Florianópolis, or Floripa as it’s known to the locals, was the last stop on our month-long journey through southern Brazil last fall. But it certainly wasn’t the least in terms of history, culture, and knockout scenic beauty. The capital of Santa Catarina state, the city of Florianópolis straddles the mainland and Ihla de Santa Catarina, a 54-km-long island famous for its fantastic beaches and centuries-old Portuguese heritage. Although technically the city encompasses the entire island, we didn’t have to drive far out of the urban area to encounter some of the wildest and most unspoiled natural beauty of our entire trip.Screen-Shot-2023-03-31-at-4.52.48-PM Enchanting Florianópolis, Brazil Brazil

Floripa is the most popular tourist destination in southern Brazil, with special appeal for lovers of ecotourism, wildlife, and extreme sports. The Lagoa da Conceição, a saltwater lagoon, is home to rare species of animals, many of which are found nowhere else. And of course, with a seafaring culture that goes back at least 250 years, Floripa’s seafood is to die for. Of all the places we visited in Brazil, Florianópolis has the most comfortable, easy-going vibe – a place in which we could picture ourselves living someday (if only Portuguese weren’t so daunting!).
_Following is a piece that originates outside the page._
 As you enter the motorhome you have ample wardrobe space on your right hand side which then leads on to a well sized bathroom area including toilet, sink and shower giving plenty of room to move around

Here’s how we spent four short days exploring Florianópolis – not nearly enough time! Some of the photos are in galleries; just click the first to see larger versions.

Getting There and Getting Around

From the colonial town of Paraty, we took a door-to-door shuttle operated by Paraty Tours to São Paulo Guarulhos International Airport – a journey of about five hours. Then we hopped an 1.5-hour flight on LATAM to the almost-new, modernistic Florianópolis airport.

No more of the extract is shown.